First, the presence of others creates a perception that the responsibility of one can be diffused to all present. This, of course, leads most to take little action because each assumes that someone else will “chip in”.
Second, as humans, we have the innate desire to behave in a socially acceptable way. If a few fail to act, others feel compelled to not act in fear that their actions will be viewed as socially unacceptable. In instances like the one involving Genovese, onlookers looked to each other to decipher what was going on. Because no one was reacting, it sent a message that no one needs to react.
“Do unto others as you would have them do unto you.”
By nature, we have selfish tendencies. What we don’t understand is that we can be both selfish and selfless at the same time. The body is designed in such a way that it rewards itself when we do good things. In any of the above instances, the body would release a multitude of chemicals that makes us inherently feel good.
- Oxytocin – The love chemical. This is the one that’s released upon two people embracing or sharing an intimate moment. This chemical is a large part of the mother/child bond that occurs before and after birth. It also happens when we hug, kiss, and see others do the same.
- Serotonin – The pride chemical. Serotonin is released into our bloodstreams the moment that we have done something good or witness something good. This is that warm and fuzzy feeling that we associate with feeling good.
The funny thing is that both of these chemicals are highly contagious.
As humans, when we witness someone doing a good deed for someone or we see someone showing a person any sort of affection, the onlooker also gets a release of Oxytocin and Serotonin. This, of course, in turn, will make the onlooker more likely to do something good.
The body is a clever being and its design makes room for the world to be a better place. However, it can’t do it on its own. It needs our help.
We must also begin to understand patience.
The Earth understands that things take time. It was not sculpted overnight. It took years, decades, centuries, and many millennia to take shape. We must do the same. We cannot simply wake tomorrow and expect that our lives will suddenly be different from where they are now.

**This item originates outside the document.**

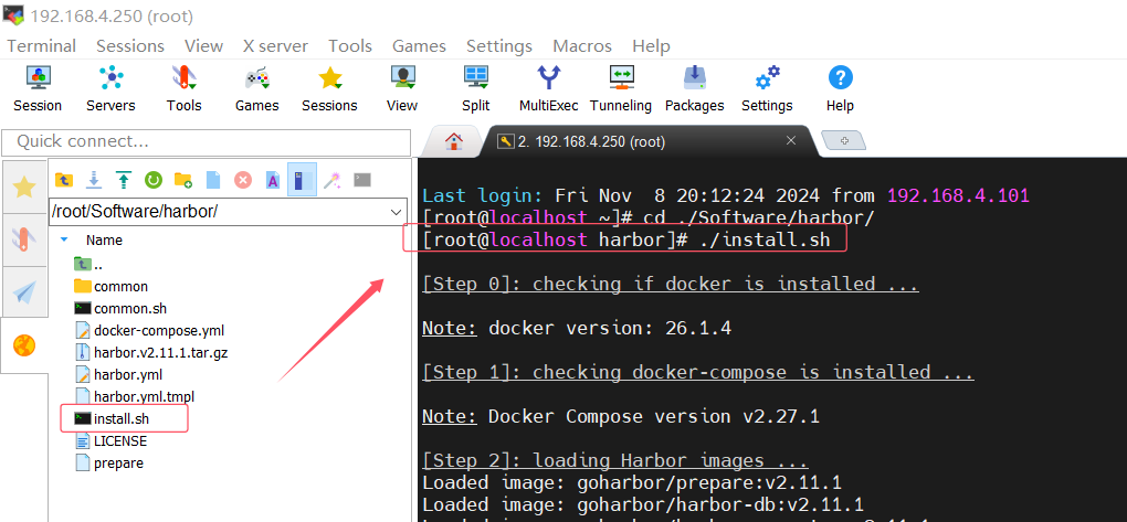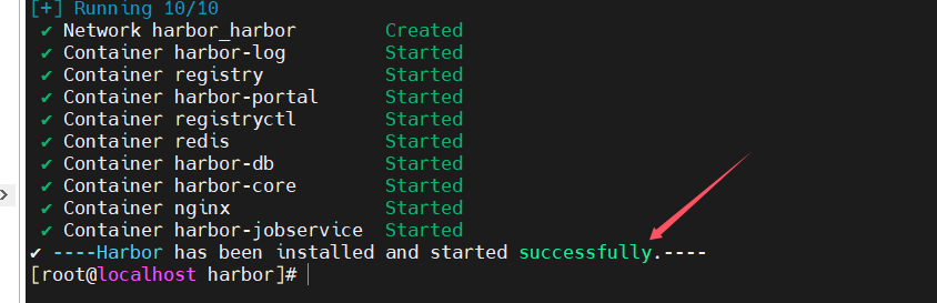 配置文件修改成功后,执行 install.sh 脚本进行安装 Harbor

“Be grateful for all the obstacles in your life. They have strengthened you as you continue your journey.”
As we grow frustrated that things either aren’t progressing fast enough or that we aren’t where we think we deserve to be, we must remember that all good things take time. Patience, as they say, is a virtue and each of us could use more of it.

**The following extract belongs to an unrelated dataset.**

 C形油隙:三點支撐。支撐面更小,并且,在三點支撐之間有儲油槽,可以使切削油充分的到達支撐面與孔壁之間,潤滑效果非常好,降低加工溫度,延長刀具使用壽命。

Remember, the world in which we share will not change overnight. Neither will your world.
And, as I said, to change both your world and our world involves giving more than receiving.
Peter Baska is quoted as saying, “The universe acts in dynamic reciprocal. Nothing stands still. The flows of our life situation, money, romance, our health, are all mirrors of our flow of energy in harmonious interaction with our field of existence. Our bodies, our minds, our thoughts, are all in constant and dynamic exchange with the forces of the universe. We are able to accelerate/maintain this exchange by giving exactly what it is we wish to receive.”

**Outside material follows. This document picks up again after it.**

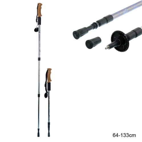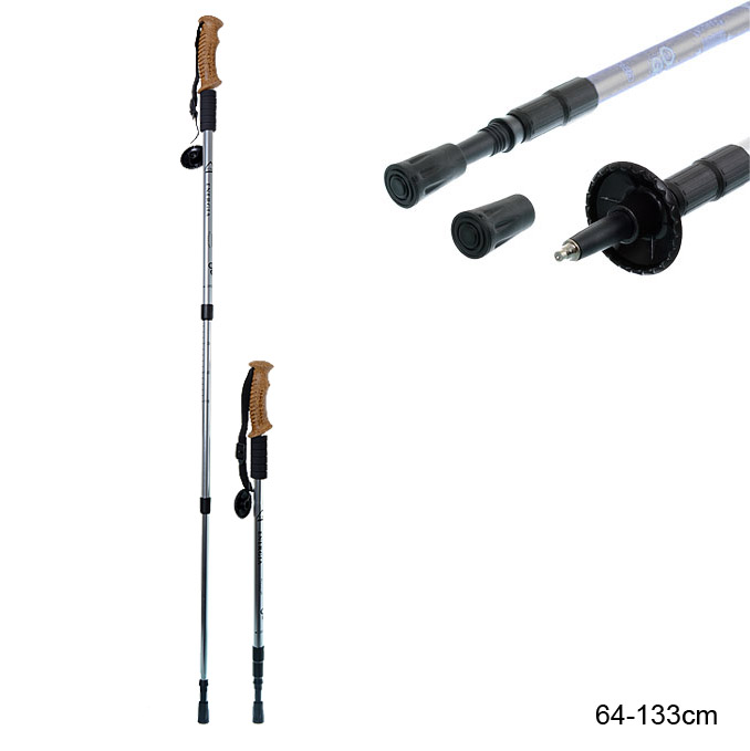 Телескопическа стойка палки изготовлена из специальных легких, но ультрапрочных материалов. Стойка палки - трехсекционная, в нижних двух секциях расположена метрическая разметка для быстрой и точной регулировки длины под рост. Удобная система фиксации обеспечивает плавную регулировку высоты Винтовой (цанговый) зажим. Фиксирует секции поворотом трубок вдоль оси в противоположных направлениях относительно друг друга. Рукоять выполнена из пробки, которая обеспечивает комфортный и точный хват; эргономичный темляк регулируется. Он надевается на запястье и обеспечивает дополнительную безопасность пользователю при использовании палок. Палки оснащены системой быстрого отсоединения наконечника, Наконечники изготавливаются из износоустойчивых твердосплавных материалов, чаще всего из карбида вольфрама (их еще называют победитовыми наконечниками). При ходьбе по рыхлому грунту пользователь может установить дополнительное опорное кольцо сверху наконечника. Модель дополнительно имеет опцию – система «анти-шок» a. В рукоятку или в первую, самую толстую секцию вмонтирована пружина, которая смягчает отдачу при ударе палки о твердую поверхность. Это особенно актуально в горных походах.

He goes on to explain that “If you want joy, give joy to others. If you want love, give love; attention, give appreciation. If you seek affluence, seek to help others become materially affluent.”
Two words of caution.
- We cannot simply give for the sake of receiving. The world looks poorly on this. We must give because we truly want to give.
- There mustn’t be an expectation that we will be rewarded for our efforts. Believe me when I tell you that the world has an interesting way of knowing exactly when you will require your giving to be reciprocated.
“Do unto others as you would have them do unto you.”